Frontier (Frontera) is a 2025 historical drama film directed by Judith Colell from a screenplay by Miguel Ibáñez Monroy and Gerard Giménez. It cast is toplined by Miki Esparbé, Maria Rodríguez Soto, Asier Etxeandia, Bruna Cusí, Kevin Janssens, and Jordi Sánchez. The film is a Spanish-Belgian co-production.

== Plot ==
The plot is set in 1943 against the backdrop of World War II. In a small border village close to Sort, customs officer Manel Grau defies his superiors embarking on a dangerous mission to help Jews flee from Vichy France through the Spanish-French border with help from neighbor Juliana and French smuggler Jerôme.

== Production ==
The film is a Spanish-Belgian co-production by Crespeth Films Coming Soon Films and Diagonal (Banijay Iberia) alongside Bulletproof Cupid, with the participation of RTVE and 3Cat, and backing from ICEC, ICAA, Screen Flanders, the Belgian Federal Government, BNP Paribas and Creative Europe MEDIA. Shooting locations included the Pallars. It was shot in Catalan, Spanish, German, and French.

== Release ==
Frontier was presented at a RTVE gala of the 70th Valladolid International Film Festival (Seminci) on 25 October 2025. Filmax released theatrically the film in Spain on 12 December 2025. Menemsha Films acquired North American rights to the film. The film's festival run also included selections for screenings at the 29th Tallinn Black Nights Film Festival and the 37th Palm Springs International Film Festival (for its California premiere).

== Reception ==
Raquel Hernández Luján of HobbyConsolas gave the film 57 points, praising "the cinematography, the production design, and certain well-resolved moments of tension", but lamenting the "little emotion in a story that should make our hair stand on end".

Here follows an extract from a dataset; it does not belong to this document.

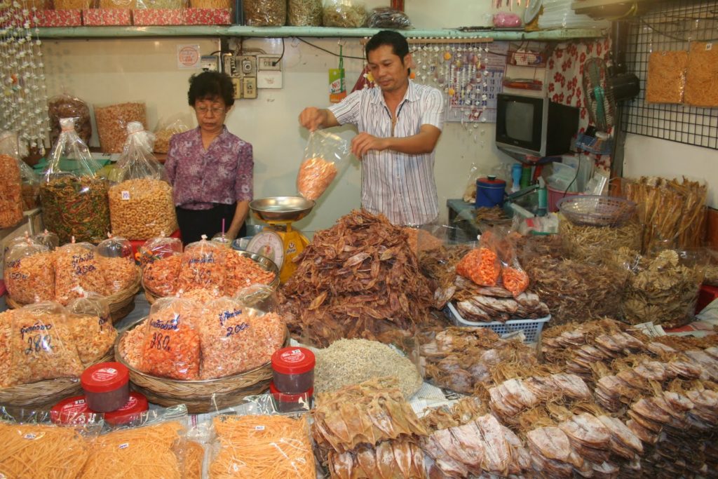 Comme partout en Asie, les fruits de mer sont vendus frais mais également séchés!

Toni Vall of Cinemanía rated the film 4 out of 5 stars, writing about how Colell achieves "great depth" with "an almost flawless film, precise in what it tells and how it tells it, in its actors, in the dramatic nuances, and in the uncertainty" inhabiting its characters.

Carmen L. Lobo of La Razón rated the film 3 out of 5 stars, positively mentioning the technical features, but lamenting how the story that the film tells "is terrifying, but it rarely manages to shock" the viewer.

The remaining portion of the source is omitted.